Different investors will require different levels of rebalancing. 

Darius McDermott is the managing director of investment platform Chelsea Financial and says that after a year where equities outperformed bonds in value, it’s most likely that investors will need to buy more bonds to balance.

‘You could add to some defensive bonds like Artemis Targeted Return Bond, TwentyFour Absolute Return Credit, or a bond fund that has the flexibility to adapt to any environment like Aegon Strategic Bond or Jupiter Strategic Bond,’ he suggests. In the three-year period, Strategic bond funds have risen by 31% and 16% respectively. 

He suggests that you could look at other asset types, like gold, infrastructure, and property. 

These funds can provide diversification for a portfolio. He says that the funds that we enjoy covering these asset classes are Ninety One Global Gold (First Sentier Global Listed Infrastructure) and TR Property Trust respectively.


You can rebalance your money by investing in funds and sectors that are not performing as well as others. 

You are in a sense rewarding subperformance. It is essential to ensure that investments have done badly because they have simply fallen out of favour and will likely recover, rather than because of poor management or another systemic flaw that means they will continue to weigh on your investments.

It is not a good idea to buy more or to keep an investment that is underperforming. 

Laura Suter from wealth platform AJ Bell is head of personal finances. 

“When buying a fund, you should know what market conditions it will outperform and where they may lag the market. This information can also be used to identify bad managers and help you eliminate them.

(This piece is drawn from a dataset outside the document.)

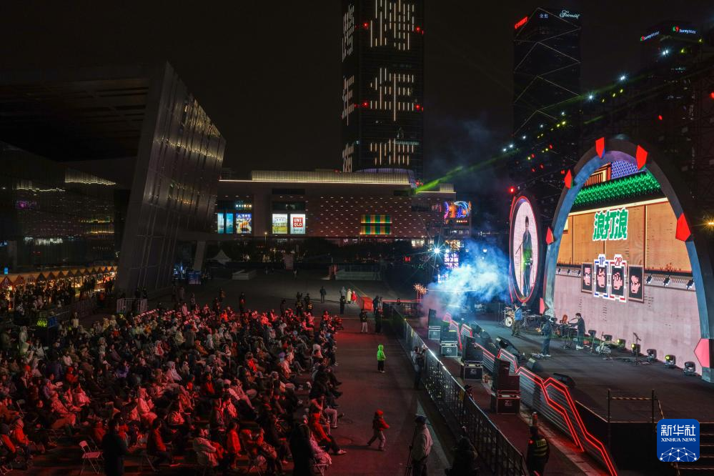 12月31日,江苏省南京市建邺区元通商圈举行迎新年活动,歌手在活动现场表演(无人机照片)。

Not only are stock market swings a reason for rebalancing, but so is the risk of losing your capital. Our investment goals and risk appetites change over time and may require us to adjust our portfolios. McDermott states that you might want to begin taking less risk if your retirement plans include income. 

Suter says that it is not possible to put together a strategy and then forget all about it. Many investors will be able to invest decades in the past and have not modified their strategy. It is crucial to remember that you do not have the 30-year-old portfolio while you are 60 years old. 

Your investment strategy will be strengthened if you have the ability to regularly review your portfolio and adjust as needed.